Freshman, you and I had something in common last year.
We were both new to our respective roles in academia. I'm about to see the new crop of your kind at Columbus State University next week, so I'd love to share three points of observation from Year One.
First, your professor -- like you -- is a human being. She is not a robot, void of emotion. She is not perfect. She does not know everything. In fact, she is inevitably going to learn something from you and your peers this fall.
Why mention this seemingly obvious fact? Because most of you avoid your professors like the plague. You show up, take notes and scurry out as soon as class is dismissed. This is a loss for both parties, especially when you come running in the eleventh hour, panicked about your grade and understanding of the material.
All CSU professors hold regular office hours, but I ended up spending nearly all of mine alone last year. I'm not keen on mandating private check-ins with students, because that opposes the spirit of office hours. Try to see your professor as a mentor and future peer.
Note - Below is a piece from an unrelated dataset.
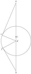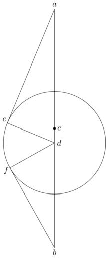 | Keywords: Coppernicus 117.svg de à ber die Kreisbewegungen der Weltkörper 117 File Kreisbewegungen-Coppernicus-0 djvu p 312 1879 w Nicolaus Copernicus File Coppernicus_117 png PD-old-100 De revolutionibus drawings LaTeX Source Code <syntaxhighlight lang latex > complile with »pdflatex« \documentclasstikz convert pdf2svg standalone \usepackage tkz-euclide \usetkzobj all \begin document \begin tikzpicture \tkzSetUpLineline width 0 4pt \pgfmathsetmacro \CB 5 15 ; \pgfmathsetmacro \dot 0 05 ; \tkzDefPoint 90 \CB A \tkzDefPoint -90 \CB B \tkzDefPoint 0 0 C \tkzDefPoint -90 0 12 \CB D \tkzDefPoint -90 0 55 \CB X \tkzTangentfrom B D X \tkzGetPoints F2 F \tkzTangentfrom A D X \tkzGetPoints E E2 \tkzDrawCircle D X \drawfill C circleradius \dot; \draw B -- A ; \draw B -- F ; \draw D -- F ; \draw D -- E ; \draw A -- E ; \draw A + 90 0 2 node a ; \draw B + -90 0 2 node b ; \draw C + 0 0 2 node c ; \draw D + 0 0 2 node d ; \draw E + 130 0 2 node e ; \draw F + -145 0 2 node f ; \end tikzpicture \end document </syntaxhighlight> |

Let that encourage you to speak regularly with her about what you're learning, why it's confusing or fabulous or lame, and how you can engage it in a way that serves you better.
Second, please understand that the first drafts of your written assignments need a lot of work. First drafts are called "first" for that very reason. Don't take it personally. Also, take the time to proofread your work. Use spell and grammar check when typing up assignments. I was most appalled last year by the rampant typos and grammatical errors in papers, as if we were still living in the age of the typewriter and students were writing blindfolded. Microsoft Word practically does the work for you! Just take the time to read it over and refine it before sending it in.
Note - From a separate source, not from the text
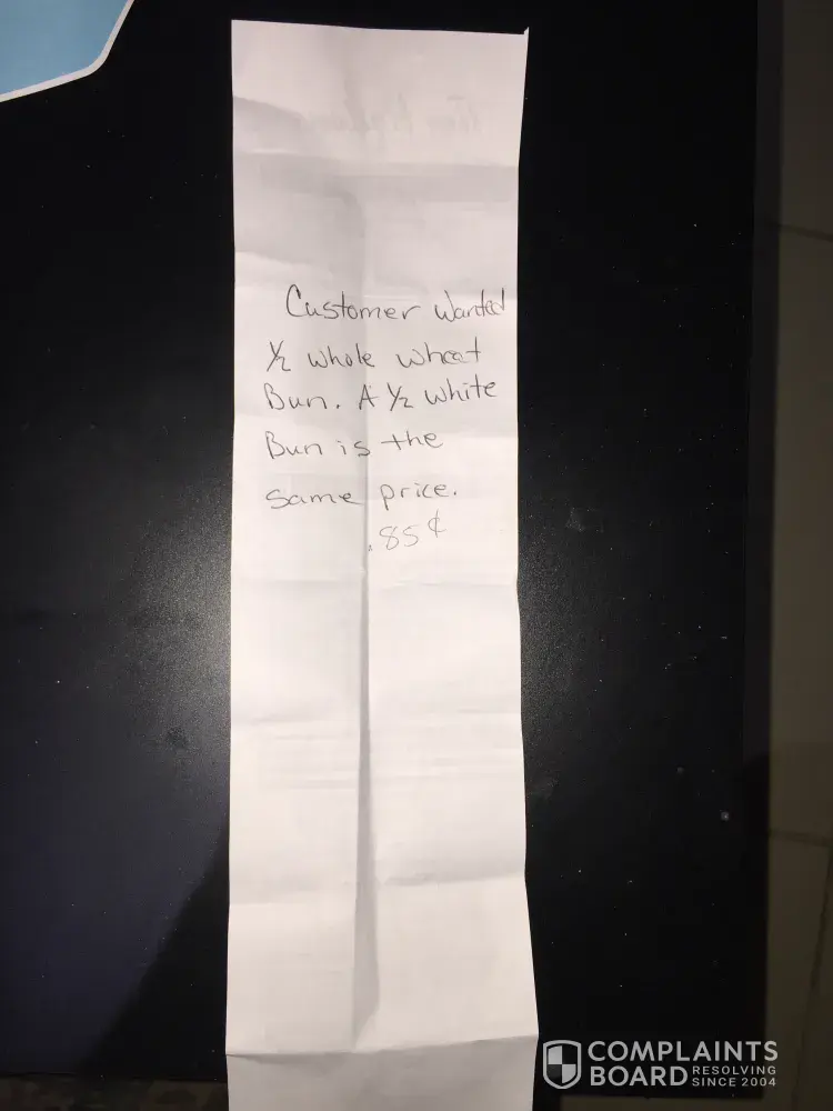 On June 24 at 20 Queen St North, Bolton, Ontario, L7E 1C8 location at 9.09 am, I went to get my regular breakfast for which I ordered half whole wheat bun for which they charged me white bun price. I asked why are you charging me for white bun as it is expensive than employee said that both- white & whole wheat bun price is same & also they gave me in written on back of my receipt whereas I know whole wheat bun is cheaper than white bun as I eat it everyday. But they didn't listen to me . My receipt number for that order is #[protected]. So please check & let me know why price is different in Tim Hortons . Thanks

Finally, you are brilliant. I'm serious. Maybe at some point someone told you otherwise, but it's evident and unique in each of you. Believe it and let it show in class. Speak up and speak out.
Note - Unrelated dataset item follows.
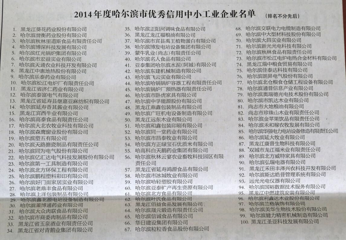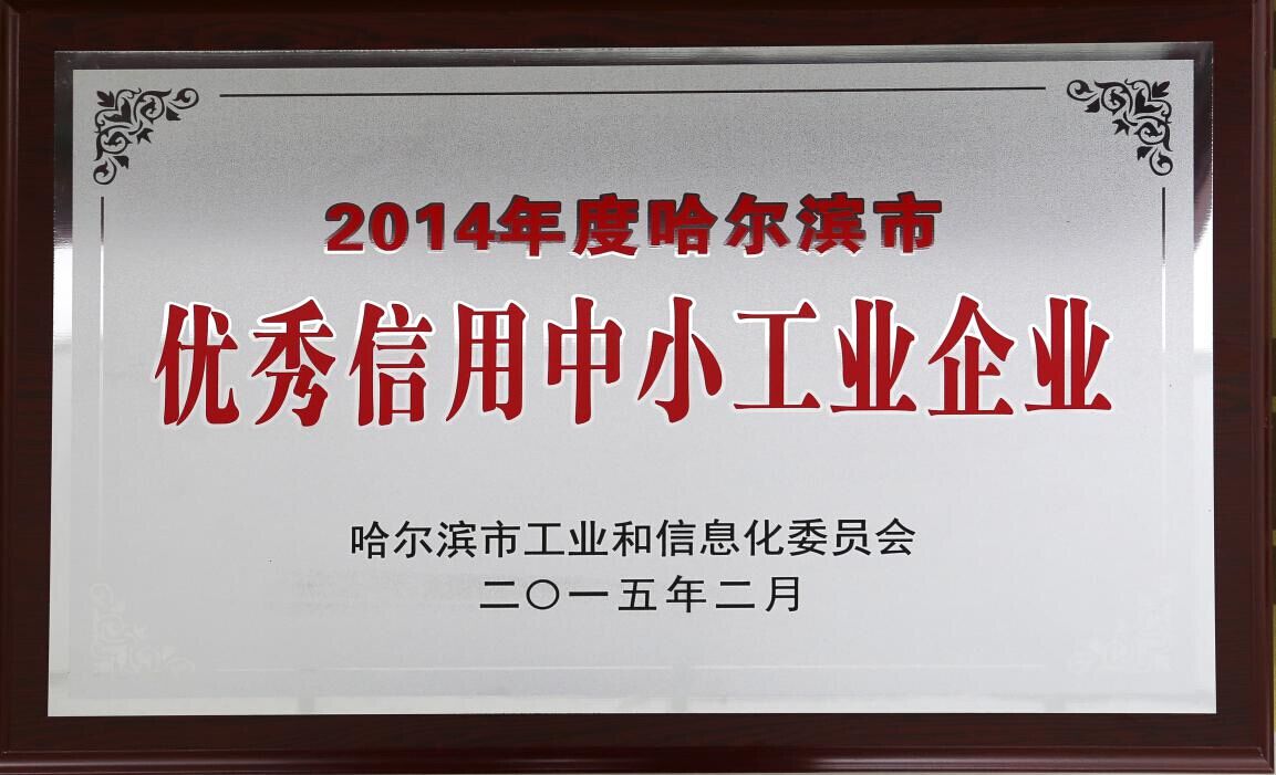 【乐泰讯】2015年2月哈尔滨市工业和信息化委员会授予我企2014年度哈尔滨市优秀信用中小工业企业。

When you're asked what you think about certain reading material, understand that the question asks for your opinion. There is no right or wrong answer, so don't allow fear to keep you from speaking your mind. Simply share your thoughts and be prepared to explain why you think them, if asked further.
One of my favorite parts about teaching plays has been the myriad of interpretations that students bring into discussion.
For example, I loved when a student found similarities in the attention-seeking nature of the "Real Housewives of Atlanta" and the character of Martha in Edward Albee's "Who's Afraid of Virginia Woolf?" The parallels would never once have crossed my mind, but there was something useful to be drawn from it, believe it or not.
And with that, freshman, good luck and have fun this semester! See you on campus.